4. The method for automatic calibration of a hydraulic system according to claim 3, wherein calculating the slope of the hydraulic system to be calibrated according to the relative pressure difference and the relative current difference comprises:

according to the relative pressure difference value and the relative current difference value, calculating to obtain the relative slope of the hydraulic system to be calibrated; and

calculating to obtain an absolute slope difference value of the hydraulic system to be calibrated according to the relative slope and the standard slope;

the determining the running state of the hydraulic system to be calibrated according to the slope of the hydraulic system to be calibrated comprises:

and determining the running state of the hydraulic system to be calibrated according to the absolute slope difference value.

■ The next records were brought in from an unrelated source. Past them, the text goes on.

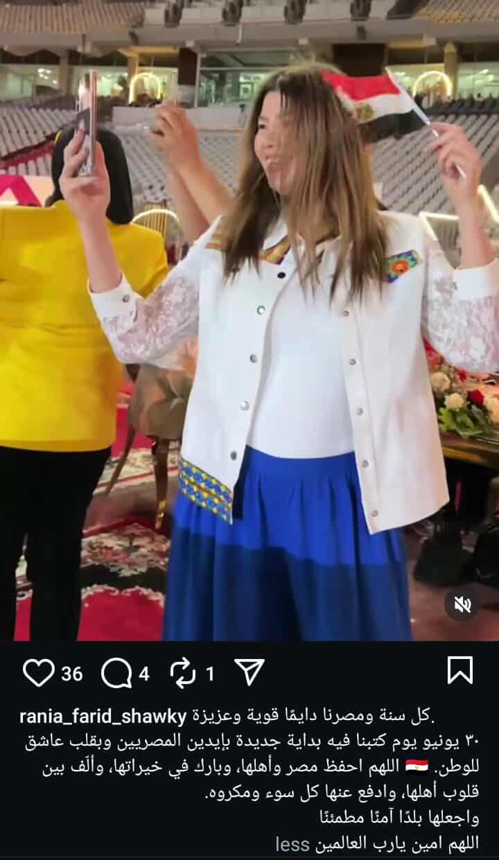 ونشرت رانيا فريد شوقي فيديو لها عبر حسابها الرسمي بموقع تبادل الصور والفيديوهات انستجرام وهي ممسكة بعلم مصر وعلقت عليه وفقا لما رصده موقع تحيا مصر، قائلة: كل سنة ومصرنا دايمًا قوية وعزيزة... ٣٠ يونيو يوم كتبنا فيه بداية جديدة بإيدين المصريين وبقلب عاشق للوطن.. اللهم احفظ مصر وأهلها، وبارك في خيراتها، وألّف بين قلوب أهلها، وادفع عنها كل سوء ومكروه واجعلها بلدًا آمنًا مطمئنًا.. اللهم امين يارب العالمين.
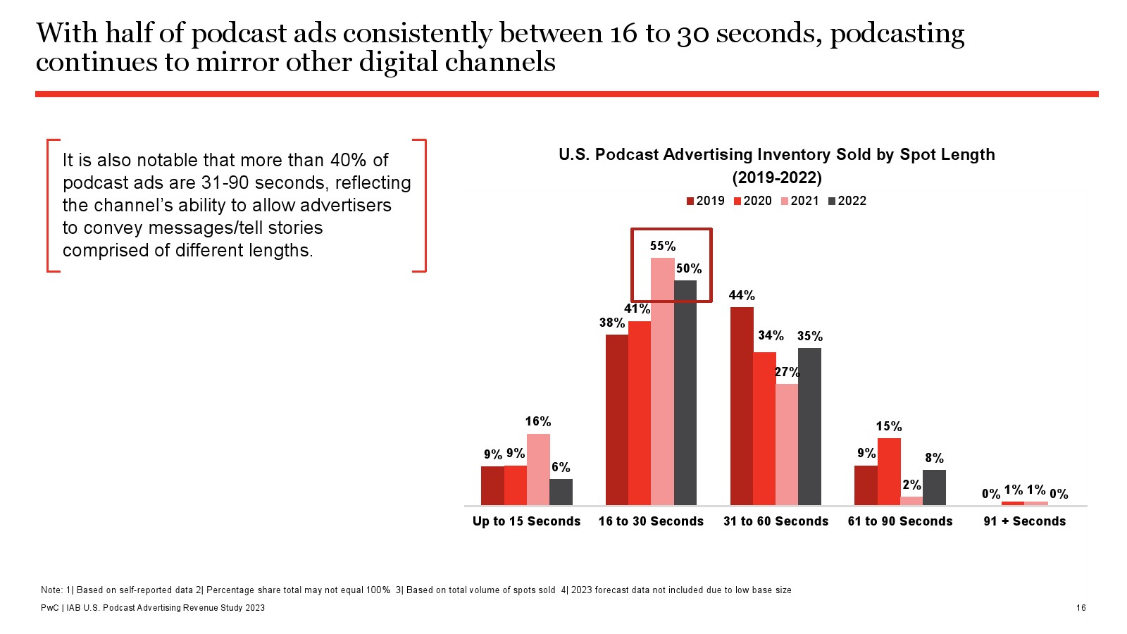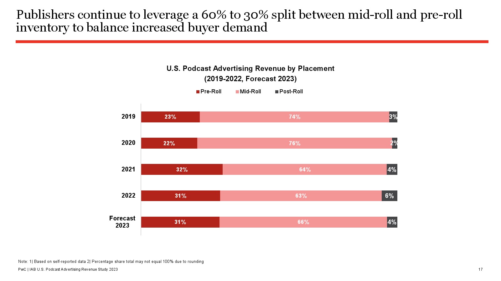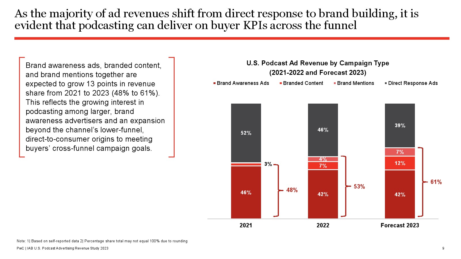 大部分播客广告收入从直接响应转向品牌建设(收入份额:2021年为48%,2023年为61%),很明显,该渠道可以在整个渠道中实现买家KPI。
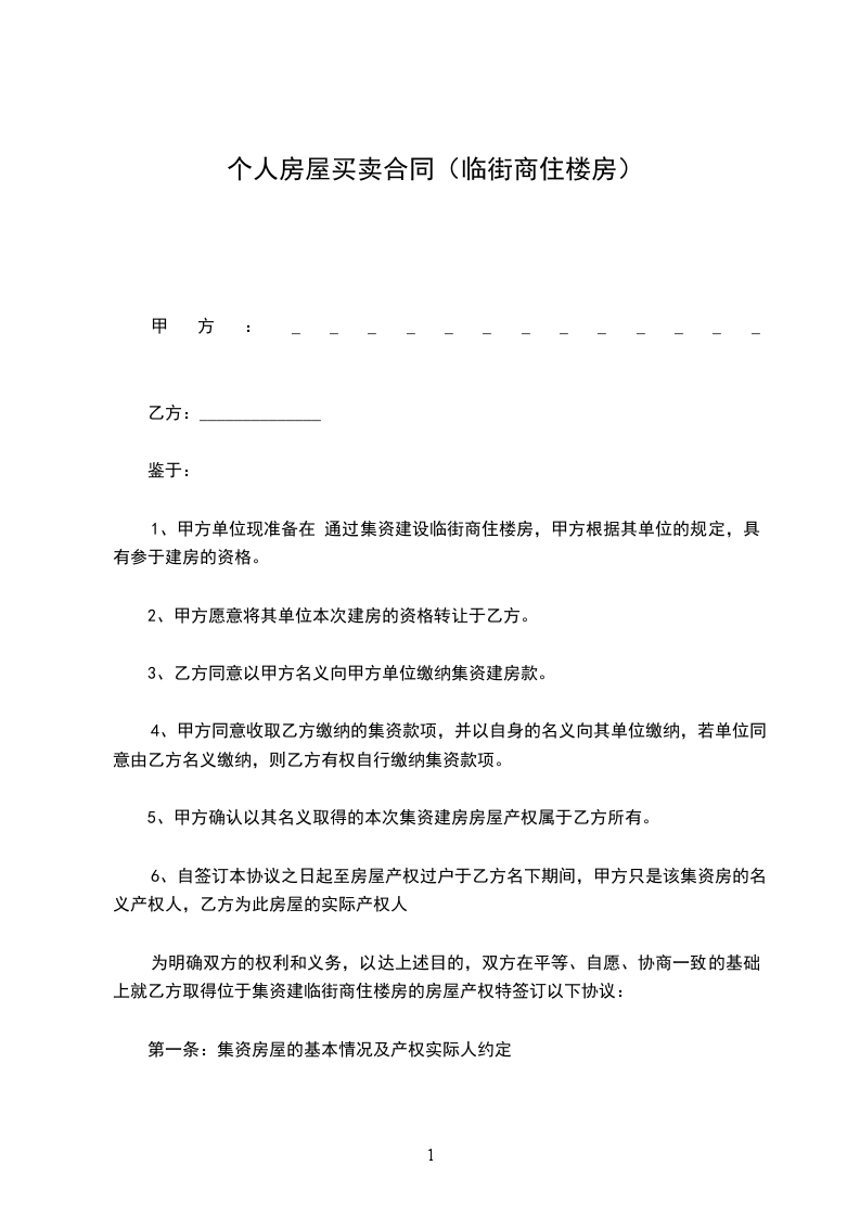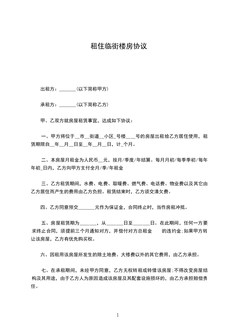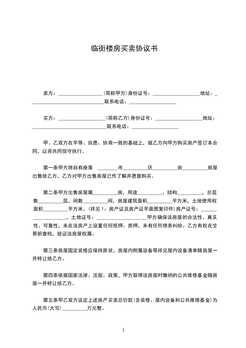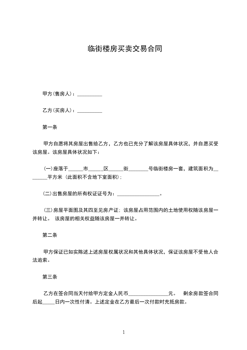 (一)座落于______市______区______街________号临街楼房一套,建筑面积为________平方米 (此面积不含地下室面积);
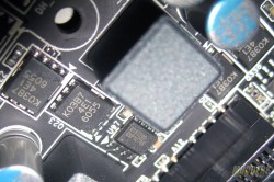 Input power goes through four 270uF input capacitors before 12V power is fed to the Renesas RJK0393DPA low side and RJK03B7DPA WPAK high-side MOSFETs (a total of 10 pairs). For the PWM controller, Gigabyte has moved on to using a fully digital International Rectifier IR3564B on the Revision 4.0, upgraded from the analog Intersil ISL6329 PWM controller of the Revision 3.0. This IR3564B is a 4+1 phase controller, fully supporting AMD SVI1 and SVI2 as well as Intel VR12 and VR12.5 specifications so you might see these in Intel motherboards as well. To get the 8+2 design, Gigabyte uses five IR3598 dual-MOSFET drivers configured as an interleaved doubler to drive the two pairs of Renesas WPAK MOSFETs flanking it. Ten 0.68uH inductors together with 14 560uF solid capacitors make up the output filter.

5. The method of automatic calibration of a hydraulic system according to claim 4, wherein determining the operating state of the hydraulic system to be calibrated based on the absolute slope difference value comprises:

and when the absolute slope difference exceeds a preset slope range, predicting that the hydraulic system to be calibrated is abnormal in operation and sending out a pre-alarm signal.

6. The method of automatic calibration of a hydraulic system according to claim 4, wherein determining the operating state of the hydraulic system to be calibrated based on the absolute slope difference value comprises:

calculating the difference between the absolute slope difference value of the current calibration and the absolute slope difference value of the last calibration to obtain the change quantity of the absolute slope difference value; and

and when the absolute slope difference variation exceeds a preset variation range, predicting that the hydraulic system to be calibrated is abnormal in operation and sending out a pre-alarm signal.

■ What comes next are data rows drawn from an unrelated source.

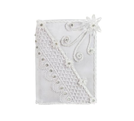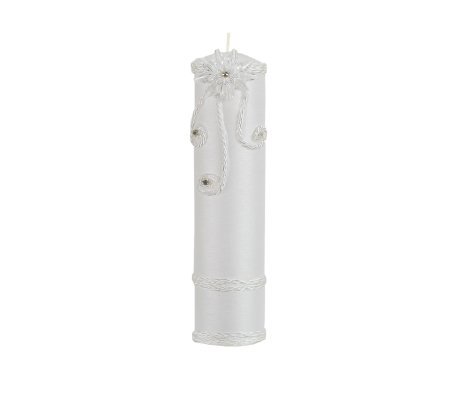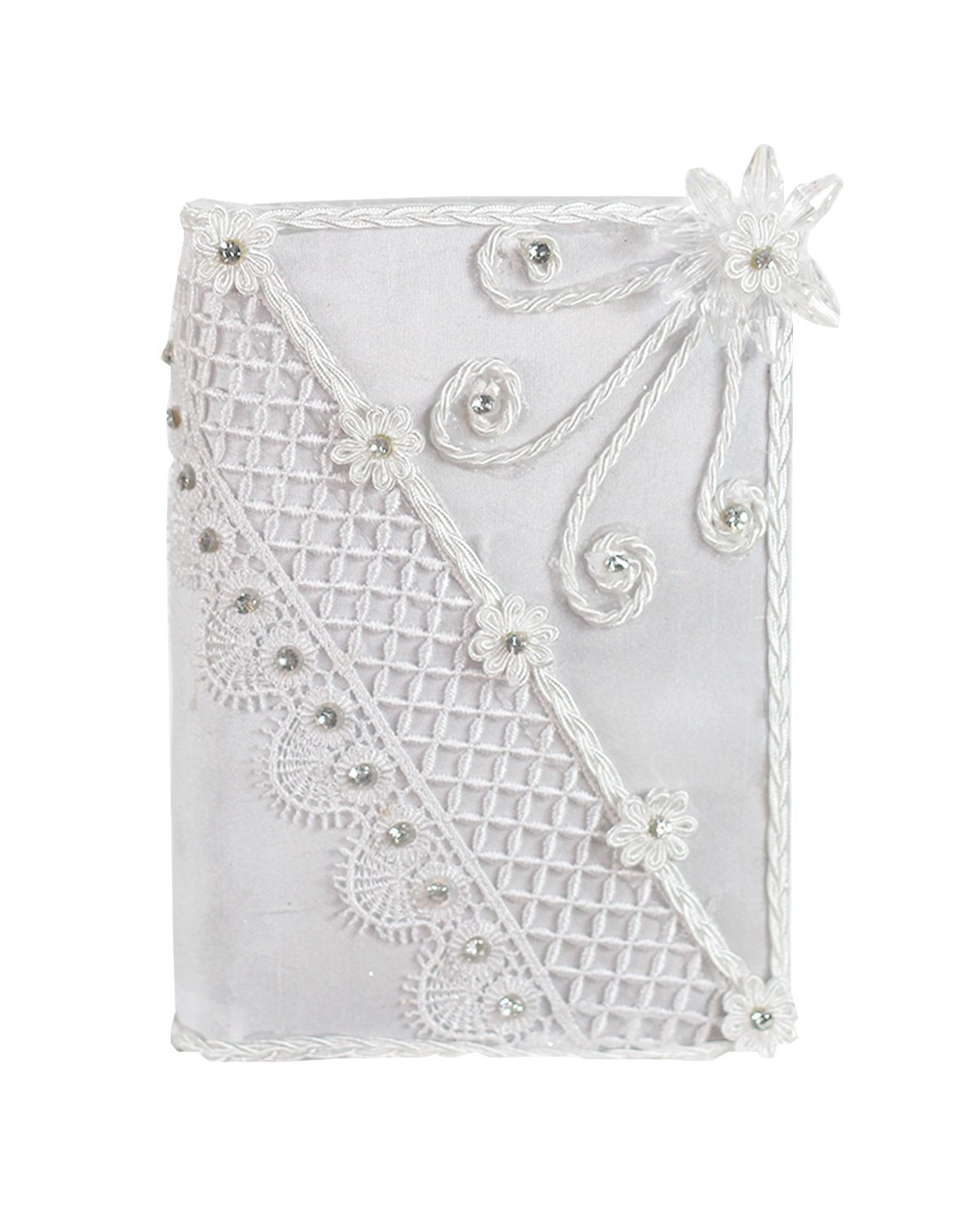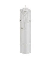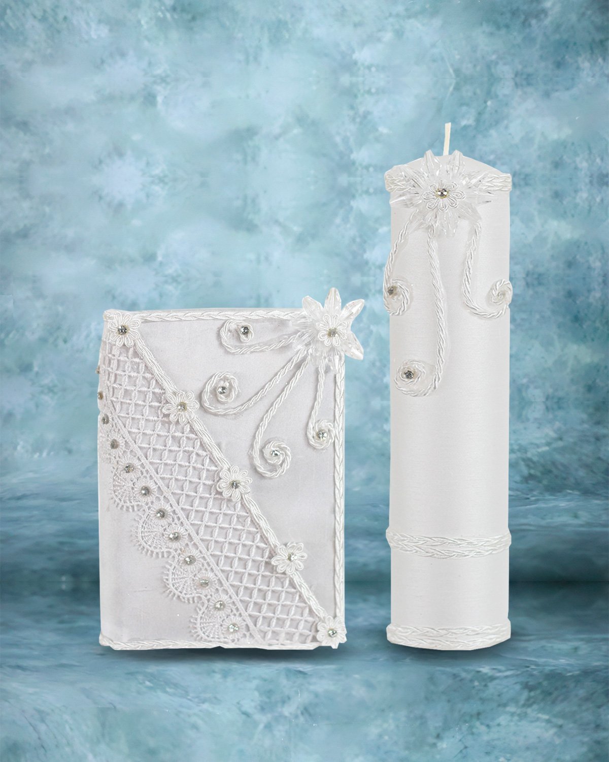 The First Communion Kit, Style Briana, is a charming set that includes a Bible, a candle, and a rosary adorned with embroidery, 3D flowers, ribbons, pearls, and rhinestones. It is perfect to accompany this special moment.
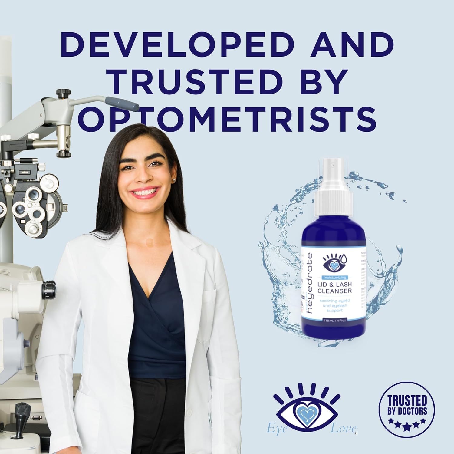 Heyedrate Lid & Lash Cleanser for Stye, Blepharitis, Dry Eyes, Meibomian Gland Dysfunction, Rosacea, and Eye Irritation Relief | Hypochlorous Acid Eyelid Cleanser Spray
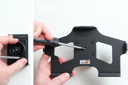 1. Lossa på skruven mitt i hållaren så att du kan ta bort monteringsplattan på baksidan.
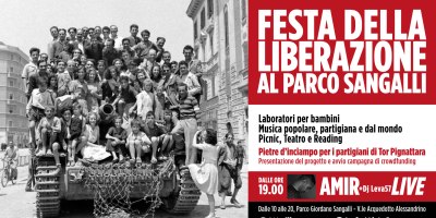 News FESTA DELLA LIBERAZIONE AL PARCO GIORDANO SANGALLI – AMIR IN CONCERTO IL 25 APRILE A TOR PIGNATTARA aprile 13, 2016 — 0 Comments
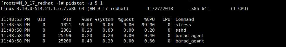 可以看到CPU使用率很高,pidstat查看具体占用CPU的进程,进程stress占的CPU达到99%,-u的含义为Report CPU utilization,5表示间隔5秒,1表示输出一组数据就停止,假如不加1,则会一直输出。
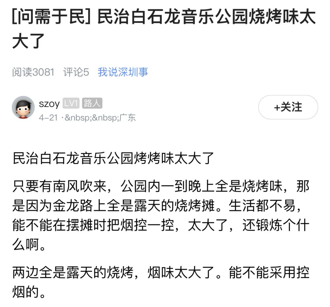 只要有南风吹来,公园内一到晚上全是烧烤味,那是因为金龙路上全是露天的烧烤摊。生活都不易能不能在摆摊时把烟控一控,太大了,还锻炼个什么啊。
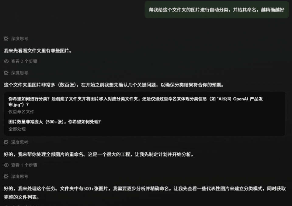 只见它有条不紊地拆解出执行指令,不仅能精准识别每张图片的内容,还能自动编写脚本完成批量重命名。
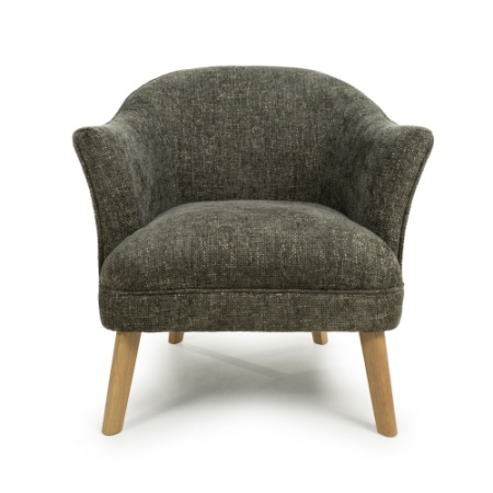 A curved wing armed armchair, upholstered in soft, tactile grey/natural/green flax effect fabric. The gentle curves and sloped back combine with ample plush padded cushioning for the ultimate in comfort. Completed by sturdy natural rubberwood legs. Leg assembly required.
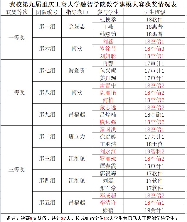 在第九届重庆工商大学融智学院数学建模大赛中,共9支队伍分别获得一、二、三等奖,其中以讯飞人工智能学院学生为主的团队占4支队伍;9支队伍共计27人,其中讯飞人工智能学院占13人。

7. The automatic calibration method of a hydraulic system according to claim 1, wherein after controlling the opening of a target proportional valve of the hydraulic system to be calibrated and obtaining a target current value of the target proportional valve and a corresponding main pump pressure value at each control point based on the control curve, the automatic calibration method of the hydraulic system further comprises:

when the target current value exceeds a preset current range, adjusting the target current value;

and if the relative pressure difference still does not meet the series of standards after the target current value is adjusted, determining that the hydraulic system to be calibrated fails.

8. The method for automatic calibration of a hydraulic system according to claim 7, wherein after said determining that the hydraulic system to be calibrated has failed, the method for automatic calibration of a hydraulic system further comprises:

controlling the current change of the target proportional valve according to a preset wave function, and collecting a corresponding main pump pressure value;

and determining that repair is complete when the relative pressure difference between adjacent ones of the main pump pressure values meets the series of criteria.

9. An automatic calibration device for a hydraulic system, comprising:

the data acquisition module is used for controlling a target proportional valve of a hydraulic system to be calibrated to be opened based on each control point of the control curve and acquiring a target current value of the target proportional valve and a corresponding main pump pressure value;

the pressure difference calculation module is used for calculating the relative pressure difference between the adjacent main pump pressure values;

a current difference calculation module for calculating a relative current difference between adjacent ones of the target current values when the relative pressure difference meets a series of criteria; wherein the series of criteria is derived based on a standard pressure difference; and

and the curve calibration module is used for calibrating the control curve of the hydraulic system to be calibrated according to the relative current difference value and the standard current difference value.

10. A construction machine, comprising:

a hydraulic system; and

an automatic calibration device for a hydraulic system according to claim 9.